=== DATA TO PROCESS ===

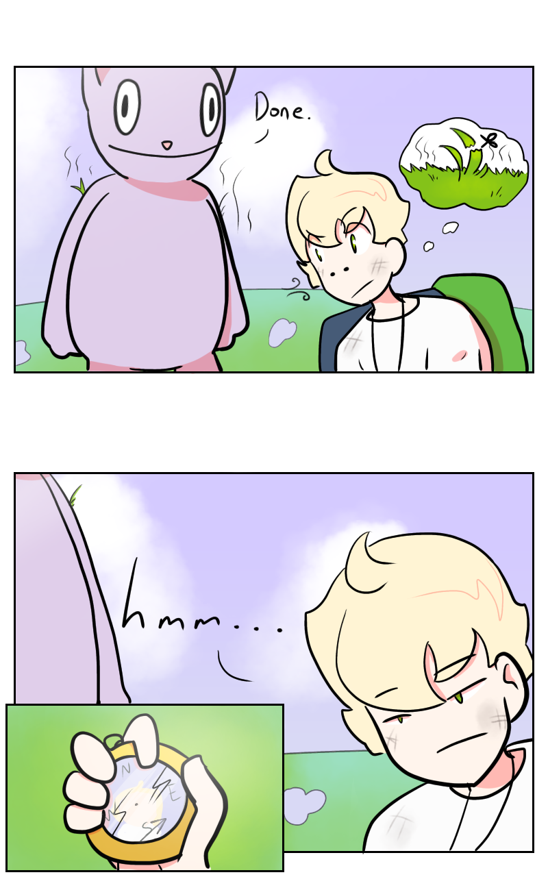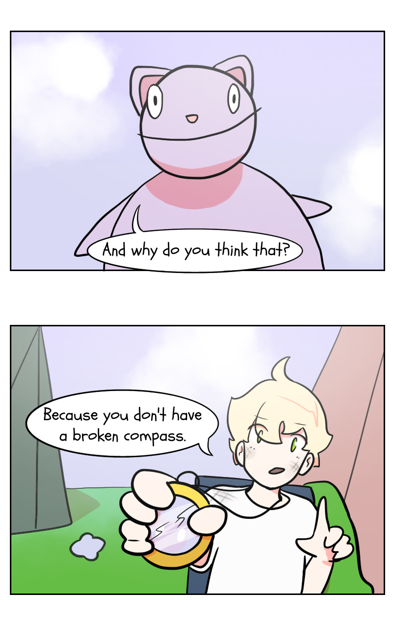 Two randos get stuck in another world with an anthropomorphic cat who mighttt be crazy. The compasses these two twerps have been given for their journeys are as "broken" as the plot of this story. I like to think of it as a surrealist inspirational comedy. (Updates sporadically)
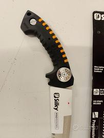 Il Sugoi 420 di Silky è un potentissimo seghetto a mano con lama curva da 420 mm (fino a Ø 210mm). La dimensione dei denti con passo di 6.5 denti ogni 30 mm, rende questo seghetto perfetto per tutte le operazioni di taglio aggressivo ma preciso dei rami. Ciò significa che può gestire sia il legno fresco che il legno un po' più duro e stagionato.
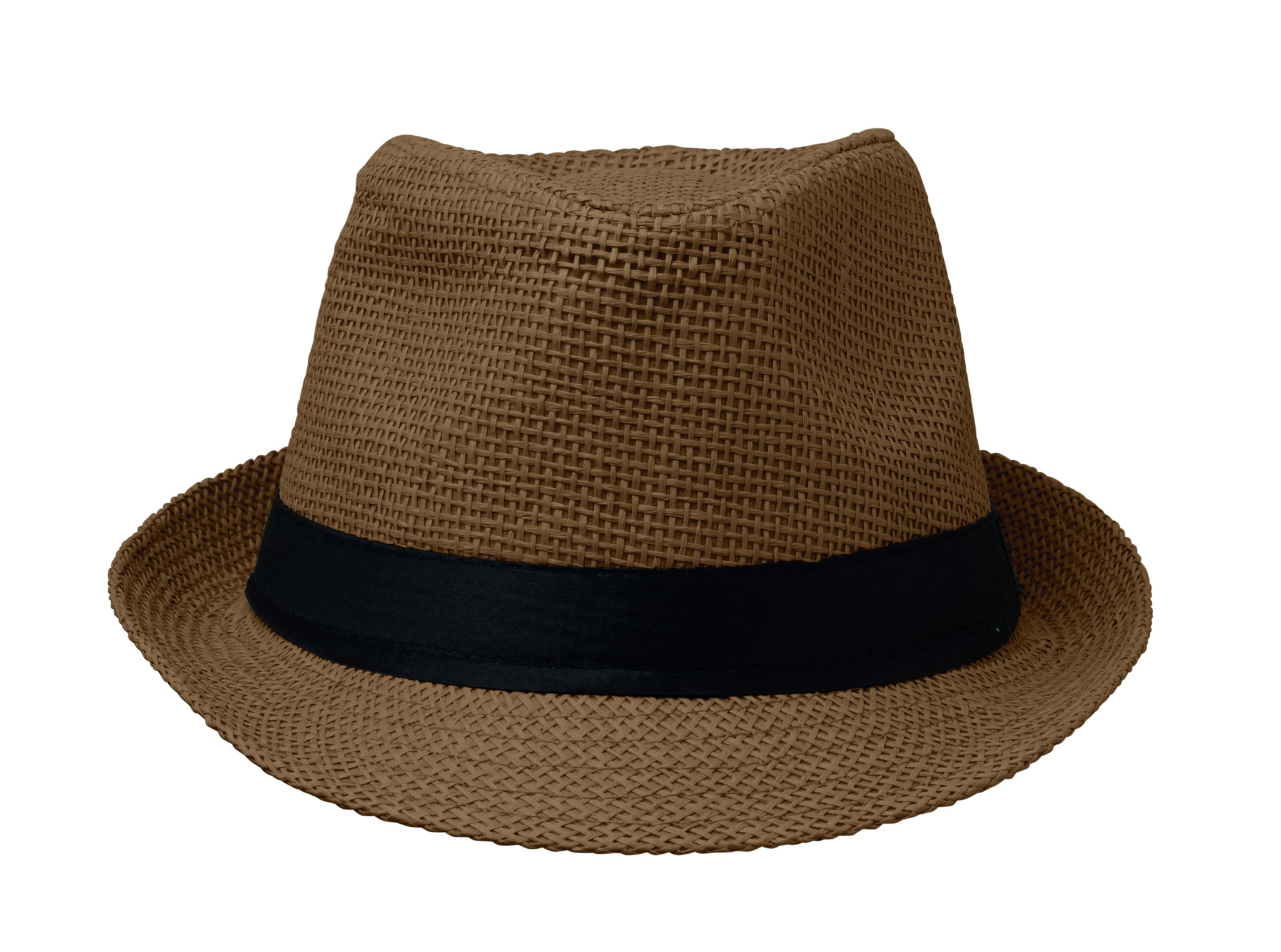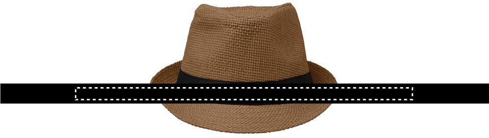 Paperinen olkihattu, jossa musta polyesterinauha. Painamattomissa tilauksissa nauha toimitetaan kiinnittämättömänä.
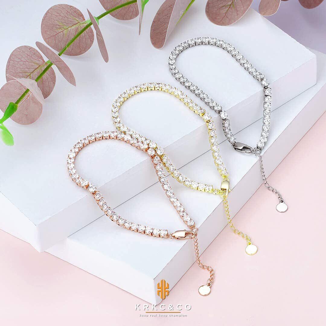 KRKC&CO アンクレット レディース 幅3/4mm テニスアンクレット ステンレス ダイヤストーン 21+5cmアジャスター ジルコニア テニスブレス キラキラ シンプル かわいい 足首 アクセサリー | 毎日発送✿はなまる
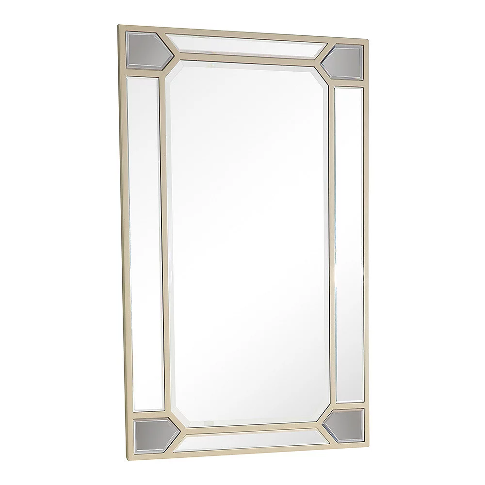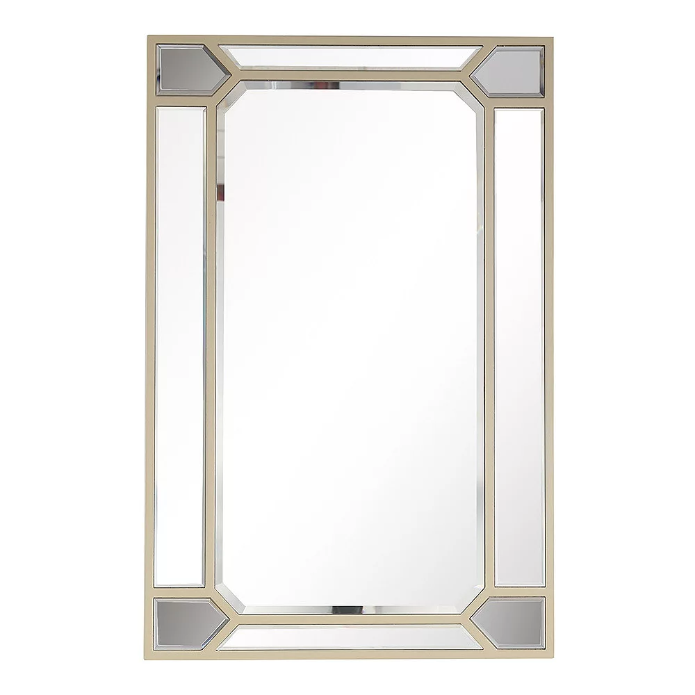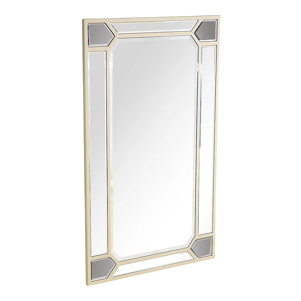 The Keeley Beveled Accent Mirror is the true definition of elegance with a simple yet eye-catching design and neutral tones. Its exquisitely crafted gray and white edges with unique geometric shapes make it a ravishing addition to a modern bathroom or traditional bedroom. This versatile mirror blends artistically with both vibrant and pastel color pallets and adds a new dimension to any room. Beveled 28.4 x 42.6 mirror has a high quality silver backing. Ready to hang either vertically or horizontally with pre-attached hanging mounts. Antiqued silver finish frame. Geometric mirrored corners. Ready to hang either direction with preattached rings. Overall dimensions: 28.4 x 42.6 inches. Beveled glass edges have been cut at an angle to create a framed look and add dimension. This mirror is sure to be the focal point of the room. Surface Shape: Flat. Purposeful Distressing Type: No Distressing. Mirror Height – Top to Bottom: 35.9. Mirror Width – Side to Side: 18.4. Largest Dimension: 42.6. Trend: Casual. Size: Large (3O-in to under 5O-in H). Edge Type: Beveled. Mounting Bracket Included: Yes. Mounting Hardware Included: No. Tilting: No. Shelf Included: No. Wood Species: Pine.
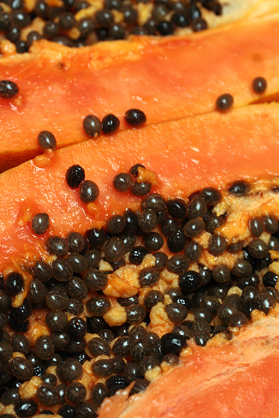 i had some cereal for breakfast, some stale generic brand fruit loops (i originally bought it because of the colors). for lunch, a yogurt and a few nectarines throughout the day as a snack. for dinner, cold leftover barbecued chicken and an ear of corn. for dessert, half a large ripe papaya. i'm not actually a fan of papaya. it has a musky taste, sort of reminds me of coffee for some strange reason. it also has an awful smell reminiscent of dog poo. but apparently it's very healthy and makes a good photo subject, the edible seeds resembling balls of caviar.
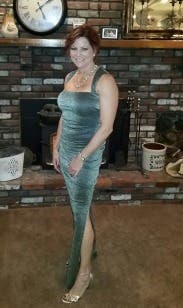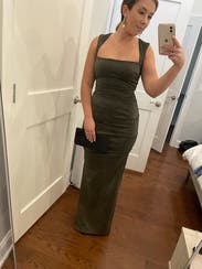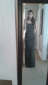 Felt very sexy in this dress! It was my back up and I fell in love with it. Material was nice and thick, no need to wear a bra and the ruching was perfectly placed to enhance all your best curves. I'm almost 5'9" and even in heels it was long enough which is hard for me sometimes. In person it looks like a metallic charcoal in some pictures it looks like an emerald green. Highly recommend!
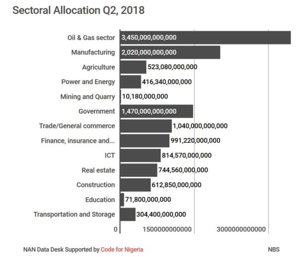 N3.42 trillion in Q1 2018, while finance to the Manufacturing sector dropped to N2.02 trillion from N2.07 trillion in Q1.
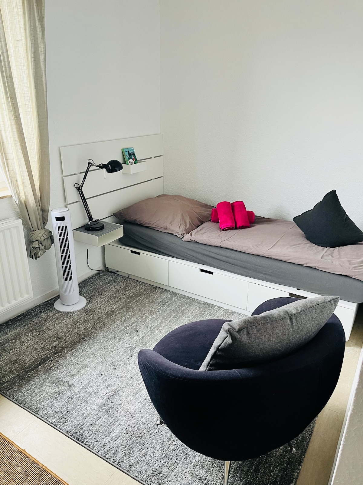 Красивая квартира с садом в центре, но тихая. Магазины и общественный транспорт прямо за углом. До Карлсауэ, центра города и музейного района можно дойти пешком. Квартира площадью 45 кв. м, имеет собственный вход с собственной террасой и собственной сауной. Перед домом на улице общего пользования есть бесплатные парковочные места. В саду велосипеды можно безопасно припарковать и накрыть.
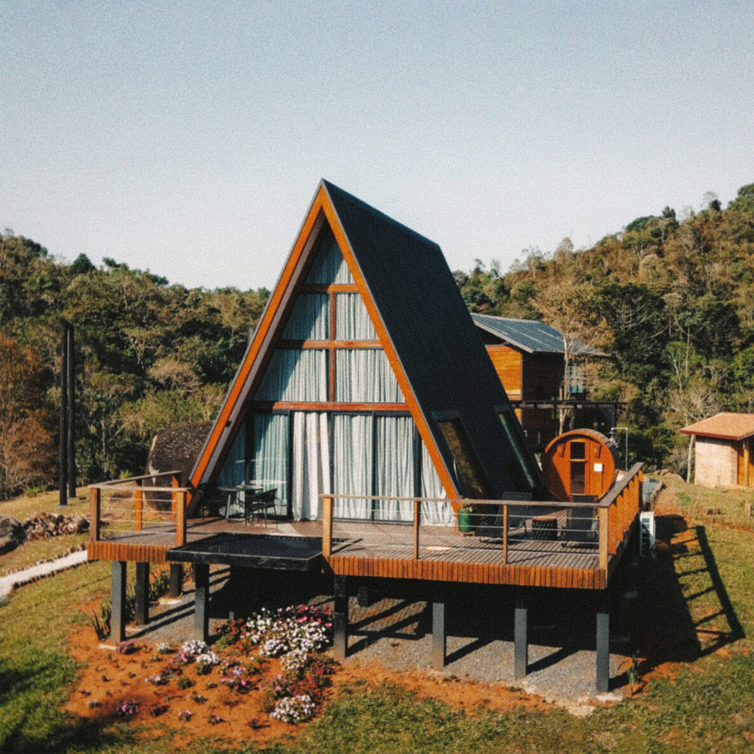 Com 70 m² em estilo A-frame com toques de farmhouse, a cabana está situada na serena Serra da Mantiqueira, em São Francisco Xavier. Perfeita para casais que buscam silêncio e uma experiência romântica, a cabana combina modernidade e aconchego. Destaque para a banheira na sala, onde você pode relaxar com uma vista deslumbrante das montanhas. Na área externa, um deck com espreguiçadeiras, sauna com ducha e uma acolhedora área de fogueira oferecem vistas incríveis, permitindo que você desfrute da natureza com total privacidade. Diárias a partir de R$ 1 566.
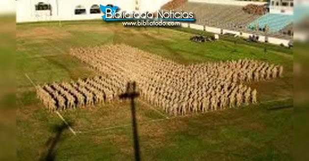 Una imagen registrada en una de esas ceremonias llamó la atención de los medios esta semana. Si se trata de una “cruz humana”, donde cientos de militares se organizaron para formar el diseño de la cruz, señalando que el ejército americano en su mayoría testimonia la fe en Jesucristo.
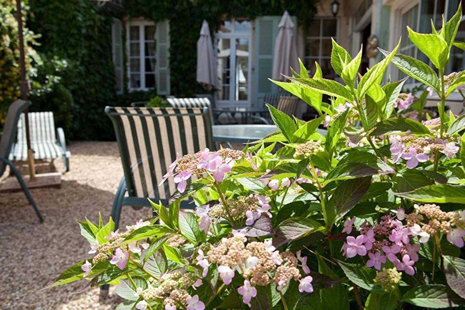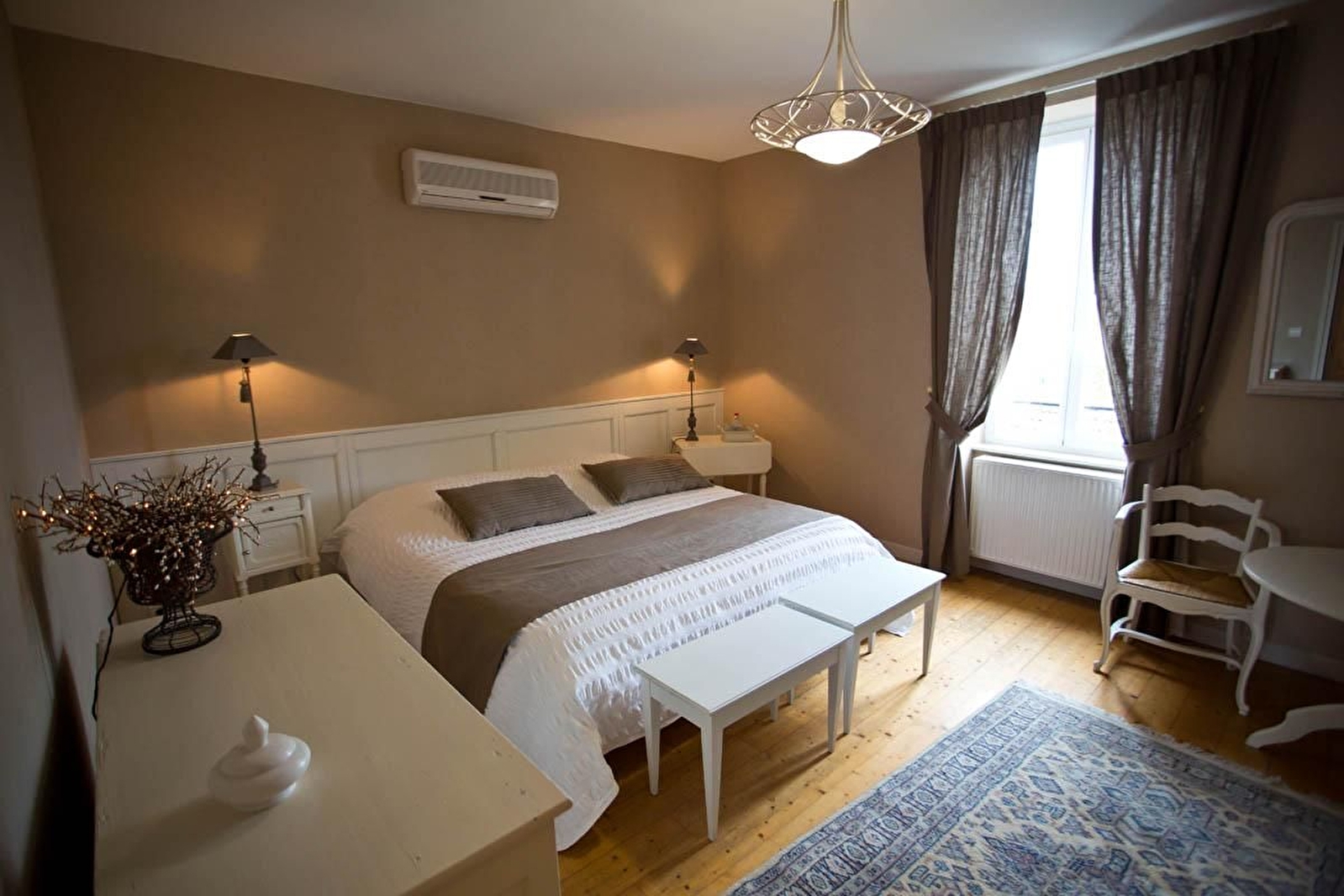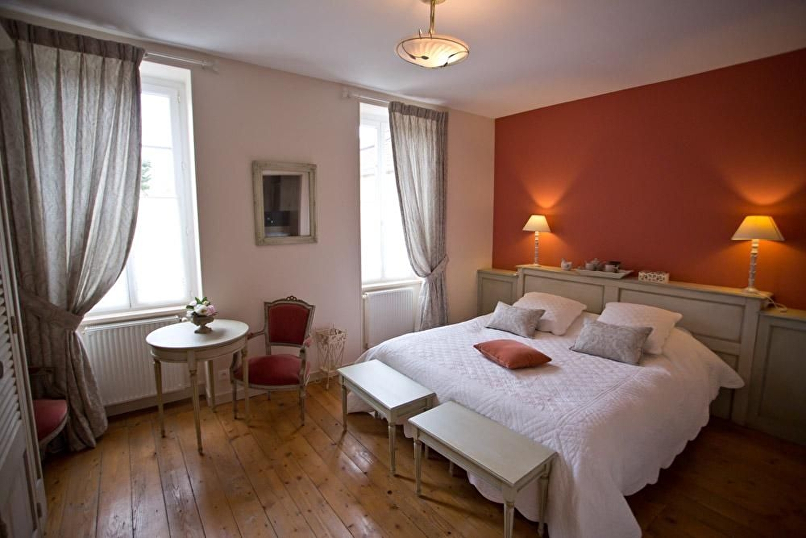 Chambre Pezerolles : Reflets roses et gris pour cette chambre de 16m² pouvant accueillir 2 personnes - lits 2x90x200cm jumélables. Salle d'eau avec grande douche en pierre et WC séparé. Climatisation et plateau de courtoisie, Vue sur la cour intérieure.

===

WHAT THE TASK REQUIRES:
Range to print from the listing above: from the line with "Com 70 m² em" up to and including the line with "Una imagen registrada". Please print those lines exactly, with no pictures and nothing more.

EXPECTED OUTPUT:
 Com 70 m² em estilo A-frame com toques de farmhouse, a cabana está situada na serena Serra da Mantiqueira, em São Francisco Xavier. Perfeita para casais que buscam silêncio e uma experiência romântica, a cabana combina modernidade e aconchego. Destaque para a banheira na sala, onde você pode relaxar com uma vista deslumbrante das montanhas. Na área externa, um deck com espreguiçadeiras, sauna com ducha e uma acolhedora área de fogueira oferecem vistas incríveis, permitindo que você desfrute da natureza com total privacidade. Diárias a partir de R$ 1 566.
 Una imagen registrada en una de esas ceremonias llamó la atención de los medios esta semana. Si se trata de una “cruz humana”, donde cientos de militares se organizaron para formar el diseño de la cruz, señalando que el ejército americano en su mayoría testimonia la fe en Jesucristo.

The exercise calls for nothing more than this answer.